## Collected data
^^^^^^^^

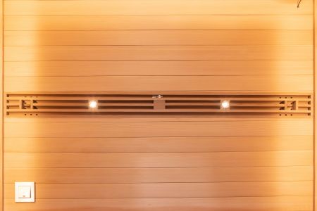 Звук аудіосистеми у сауні відтворюється за допомогою сучасних вібродинаміків. Використання таких динаміків дозволяє отримати якісний звук та естетичний вигляд стелі сауни, тому що немає необхідності робити технологічні вирізи для встановлення динаміків класичного компонування.
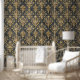 Elegant damast goud en zwart behang
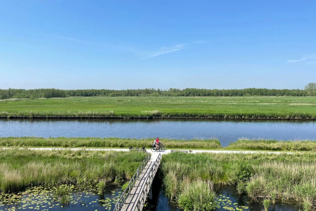 Het vroege voorjaar is een waar spektakel in de wetlands, wanneer duizenden grutto’s, kemphanen en wulpen er doorheen trekken. De zomer is het seizoen van de ooievaars, er zijn palen geplaatst zodat deze vogel nesten kan bouwen.

^^^^^^^^

## Task goal
I would like the data above transcribed exactly, with its pictures left out.

## Response to the exercise
 Звук аудіосистеми у сауні відтворюється за допомогою сучасних вібродинаміків. Використання таких динаміків дозволяє отримати якісний звук та естетичний вигляд стелі сауни, тому що немає необхідності робити технологічні вирізи для встановлення динаміків класичного компонування.
 Elegant damast goud en zwart behang
 Het vroege voorjaar is een waar spektakel in de wetlands, wanneer duizenden grutto’s, kemphanen en wulpen er doorheen trekken. De zomer is het seizoen van de ooievaars, er zijn palen geplaatst zodat deze vogel nesten kan bouwen.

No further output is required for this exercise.